### RECORDS TO USE

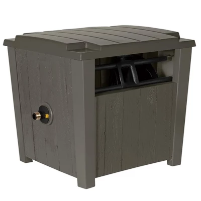 Keep your garden hose neatly stored out of sight yet conveniently accessible with this 2-pack of Farmington Hideaway Storage Pot Container from Suncast.These pots can hold up to 175 feet of a standard 0.63-inch vinyl hose, while the attractive wood-like pattern design gives a farmhouse twist to your outdoor setting, entirely concealing your hose, protecting it from extreme sunlight, and extending the life span. Featuring a Slid Trak hose guide, this provides manual tracking assistance for even rewinding onto the reel rewinding to maximize capacity. With Smart Tube cross-threading, you can be sure that these pots will not leak onto your backyard patio settings. Constructed of durable materials that resist harsh weather conditions, these hose storage pots are easy to maintain and are built to last.Make watering your plants a breeze and add a touch of style to your outdoor space with the 2-pack of Farmington Hideaway Garden Hose Storage Pot Container from Suncast, the ideal garden tool addition for all garden enthusiasts.
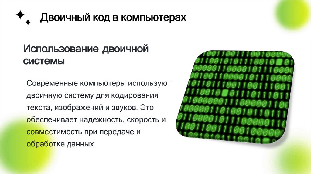 Двоичный код в компьютерахИспользование двоичной
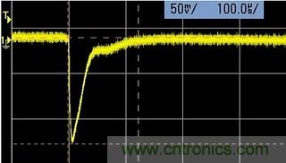 這是任何電源都存在的正?,F象。當負載吸收電流發生跳變的瞬間,就會造成電源輸出端的電壓瞬間偏離設定值。這個示波器屏幕的截圖(圖1),就是當我的一個電源的負載電流,從1mA 瞬間變化到500mA時, 輸出電壓經歷了約30uS 瞬間變化。
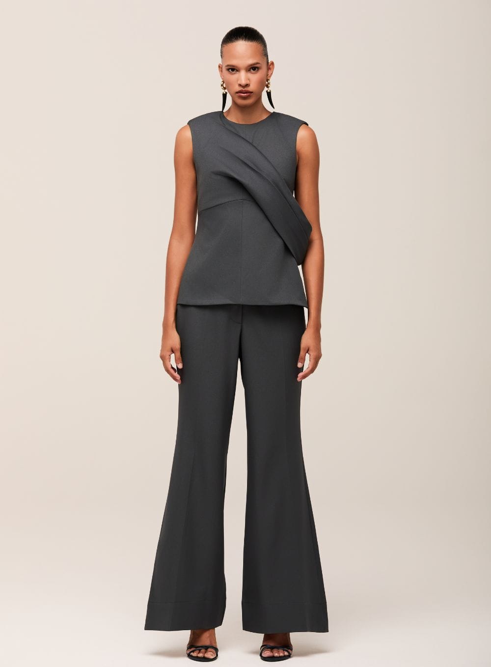 Peças autorais com fluidez e cortes assimétricos, refletindo elegância duradoura e inovação nos detalhes.
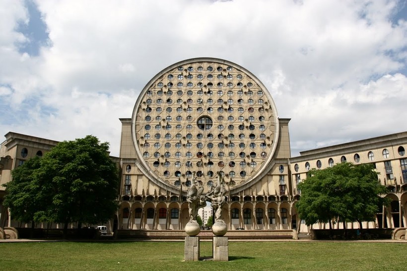 Задумывался он как некая аналогия античного театра — с палаццо, аркой и полукруглым театром. Само собой, все сектора жилые,включая «арку», в которой размещено 20 квартир. Весь комплекс производит совершенно фантастическое впечатление на зрителя, недаром это место «облюбовано» режиссерами-антиутопистами.

### WORK INSTRUCTION
Exact copy, pictures excluded: print only the lines from the line containing "Peças autorais com" through the end of the records.

### ANSWER SPACE
 Peças autorais com fluidez e cortes assimétricos, refletindo elegância duradoura e inovação nos detalhes.
 Задумывался он как некая аналогия античного театра — с палаццо, аркой и полукруглым театром. Само собой, все сектора жилые,включая «арку», в которой размещено 20 квартир. Весь комплекс производит совершенно фантастическое впечатление на зрителя, недаром это место «облюбовано» режиссерами-антиутопистами.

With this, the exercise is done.